SELECT department_id, MAX(salary) AS max_salary
FROM employees
GROUP BY department_id
ORDER BY department_id;
-- With department name via join
SELECT d.department_name, MAX(e.salary) AS max_salary
FROM employees e
JOIN departments d ON e.department_id = d.department_id
GROUP BY d.department_name
ORDER BY d.department_name;How can you increase SQL performance
The biggest wins usually come from proper indexing. Make sure you have indexes on columns used in WHERE clauses, JOIN conditions, and ORDER BY, and use covering indexes where possible to avoid table lookups. Beyond indexes, avoid SELECT * and only retrieve the columns you need, rewrite correlated subqueries as JOINs or CTEs, and analyze query execution plans to find full table scans or expensive sort operations. At the database level, partitioning large tables, updating statistics regularly, and making sure queries aren't blocked by locks also have a big impact on throughput.
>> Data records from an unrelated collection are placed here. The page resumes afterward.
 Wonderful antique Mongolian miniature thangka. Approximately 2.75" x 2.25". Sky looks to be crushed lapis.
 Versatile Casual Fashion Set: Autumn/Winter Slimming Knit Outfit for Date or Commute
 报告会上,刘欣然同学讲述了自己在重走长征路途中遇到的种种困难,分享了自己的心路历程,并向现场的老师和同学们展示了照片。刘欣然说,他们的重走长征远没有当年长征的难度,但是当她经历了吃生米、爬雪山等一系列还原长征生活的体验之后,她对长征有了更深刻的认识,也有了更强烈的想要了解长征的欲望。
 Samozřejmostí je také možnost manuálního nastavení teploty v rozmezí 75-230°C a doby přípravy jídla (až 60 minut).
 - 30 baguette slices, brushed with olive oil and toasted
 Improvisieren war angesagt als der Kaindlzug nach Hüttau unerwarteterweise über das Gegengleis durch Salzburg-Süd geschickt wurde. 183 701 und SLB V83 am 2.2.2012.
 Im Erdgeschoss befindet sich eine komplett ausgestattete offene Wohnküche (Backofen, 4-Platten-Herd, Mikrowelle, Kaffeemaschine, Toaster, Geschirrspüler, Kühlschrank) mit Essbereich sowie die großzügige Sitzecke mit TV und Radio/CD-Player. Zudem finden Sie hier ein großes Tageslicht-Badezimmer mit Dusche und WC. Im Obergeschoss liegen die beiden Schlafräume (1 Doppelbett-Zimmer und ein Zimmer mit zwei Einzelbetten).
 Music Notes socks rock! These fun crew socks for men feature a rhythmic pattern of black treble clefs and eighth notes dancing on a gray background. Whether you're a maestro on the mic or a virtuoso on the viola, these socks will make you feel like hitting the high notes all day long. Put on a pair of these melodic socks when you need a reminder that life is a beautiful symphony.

When is the UPDATE_STATISTICS command used
UPDATE STATISTICS tells SQL Server to refresh the statistical information it holds about the distribution of data values in table columns and indexes. The query optimizer relies on these statistics to choose efficient execution plans, so when they become stale after large INSERT, UPDATE, or DELETE operations, query performance can degrade significantly. You would run it manually after a bulk load, after rebuilding indexes, or when you notice execution plans making poor choices like scanning instead of seeking. SQL Server does update statistics automatically by default, but that threshold is based on a percentage of row changes and may not trigger quickly enough on very large tables.
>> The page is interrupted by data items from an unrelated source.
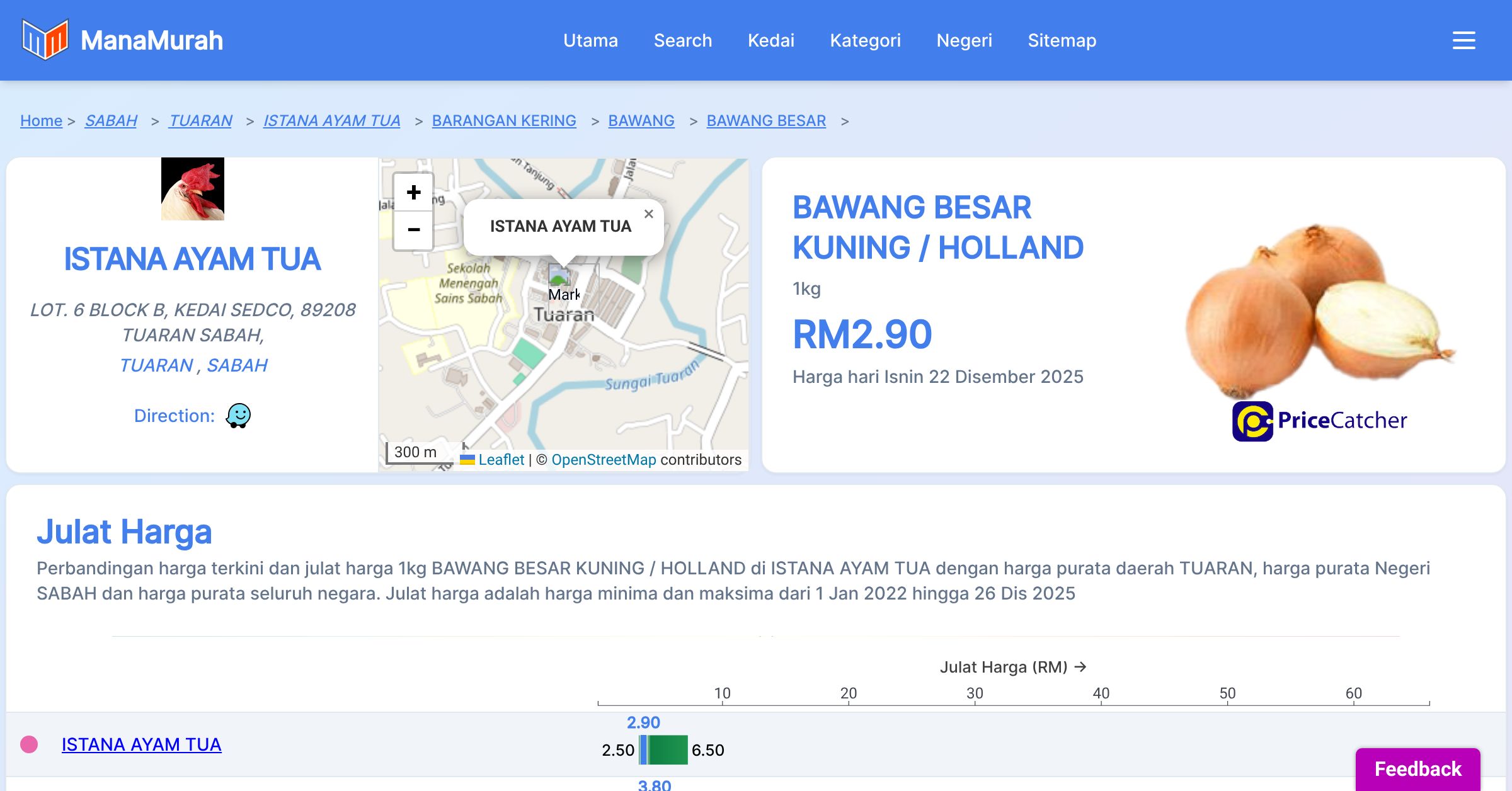 Harga purata tahunan 1kg BAWANG BESAR KUNING / HOLLAND di ISTANA AYAM TUA berbanding harga purata daerah TUARAN, harga purata Negeri SABAH dan harga purata seluruh negara
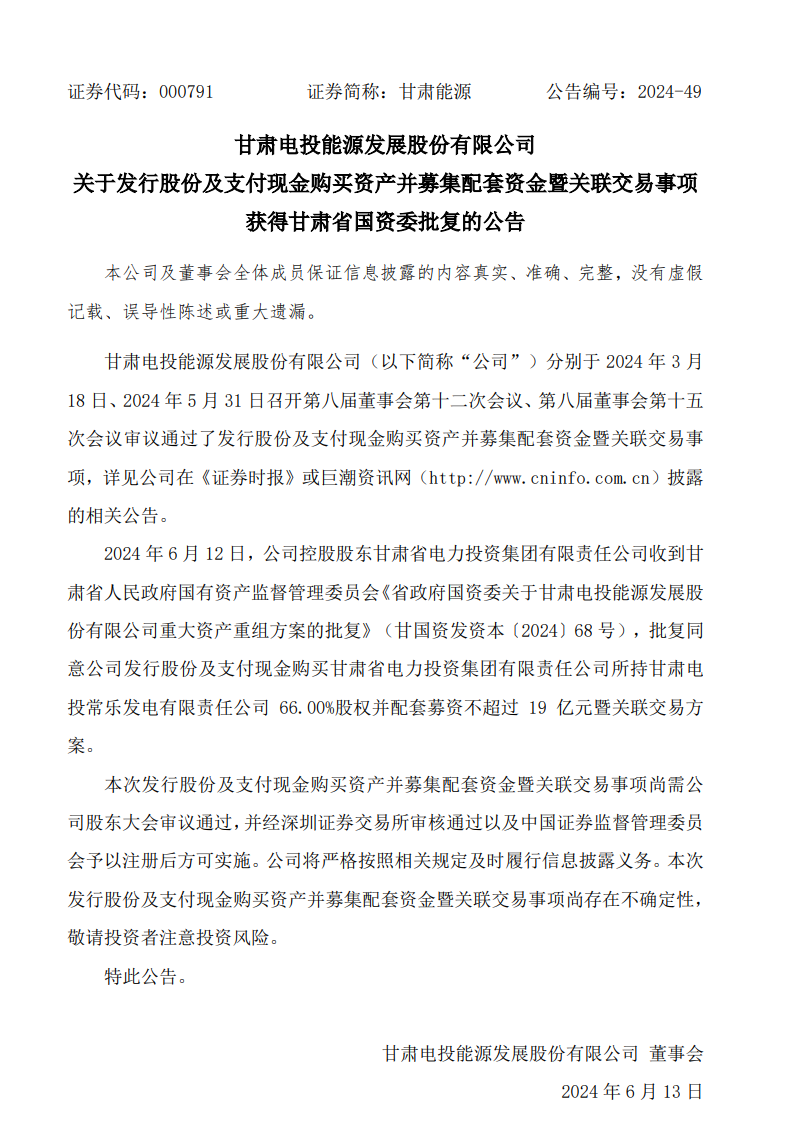甘肅能源發(fā)布公告稱,6月12日,公司控股股東甘肅省電力投資集團(tuán)有限責(zé)任公司收到甘肅省人民政府國有資產(chǎn)監(jiān)督管理委員會《省政府國資委關(guān)于甘肅電投能源發(fā)展股份有限公司重大資產(chǎn)重組方案的批復(fù)》(甘國資發(fā)資本〔2024〕68號),批復(fù)同意公司發(fā)行股份及支付現(xiàn)金購買甘肅省電力投資集團(tuán)有限責(zé)任公司所持甘肅電投常樂發(fā)電有限責(zé)任公司66.00%股權(quán)并配套募資不超過19億元暨關(guān)聯(lián)交易方案。
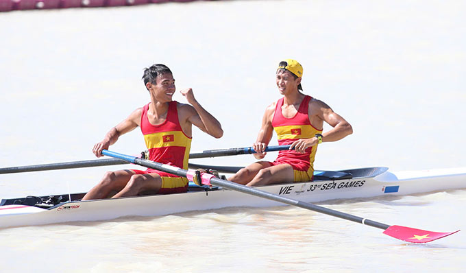 Huy chương vàng thứ 51 cho thể thao Việt Nam. Bộ đôi Hoàng Văn Đạt và Nguyễn Phú đã cán đích đầu tiên ở nội dung thuyền đôi nam hạng nhẹ. Ảnh: Bùi Lượng
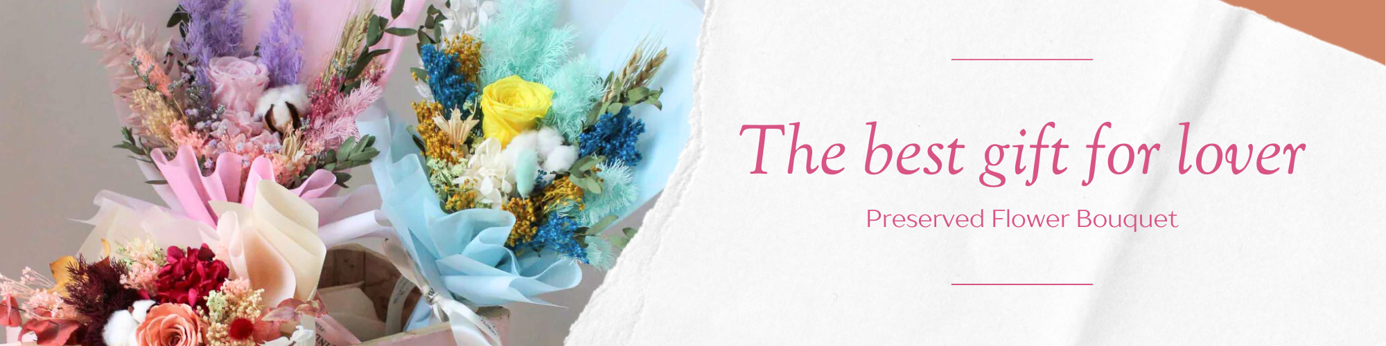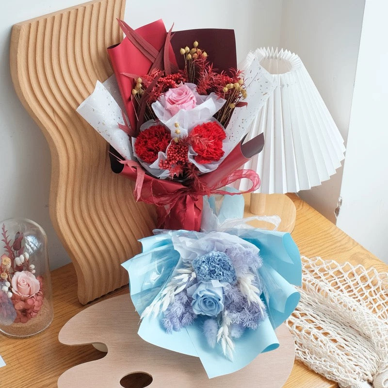 Our Preserved Flower Bouquet is a beautiful arrangement of long-lasting blooms, carefully preserved to maintain their vibrant color and elegance. Presented in a paper package with a handle which makes for a perfect gift that will stay fresh and beautiful for years. Ideal for any occasion.

When is the use of UPDATE_STATISTICS command
UPDATE STATISTICS is useful when a large number of rows have been inserted, deleted, or updated in a table and the query optimizer is using outdated statistics to build execution plans. SQL Server updates statistics automatically by default, but that can lag behind on heavily modified tables or after bulk loads. You'd run it manually when you notice sudden query plan degradation, after a large ETL job, or after rebuilding indexes to ensure the optimizer has accurate row distribution data. In SQL Server syntax it's UPDATE STATISTICS table_name or you can target a specific index.
-- Update all statistics on a table
UPDATE STATISTICS Employees;
-- Update statistics on a specific index
UPDATE STATISTICS Employees IX_Employees_Salary;Write SQL Query to display the current date.
The syntax varies slightly by database. In SQL Server you use GETDATE() or the ANSI-standard CURRENT_TIMESTAMP. In MySQL it's CURDATE() for just the date or NOW() for date and time. In PostgreSQL you use CURRENT_DATE or NOW().
-- SQL Server
SELECT GETDATE(); -- date + time
SELECT CAST(GETDATE() AS DATE); -- date only
-- MySQL
SELECT CURDATE();
-- PostgreSQL
SELECT CURRENT_DATE;Write an SQL Query find number of employees according to gender whose DOB is between 01/01/1960 to 31/12/1975.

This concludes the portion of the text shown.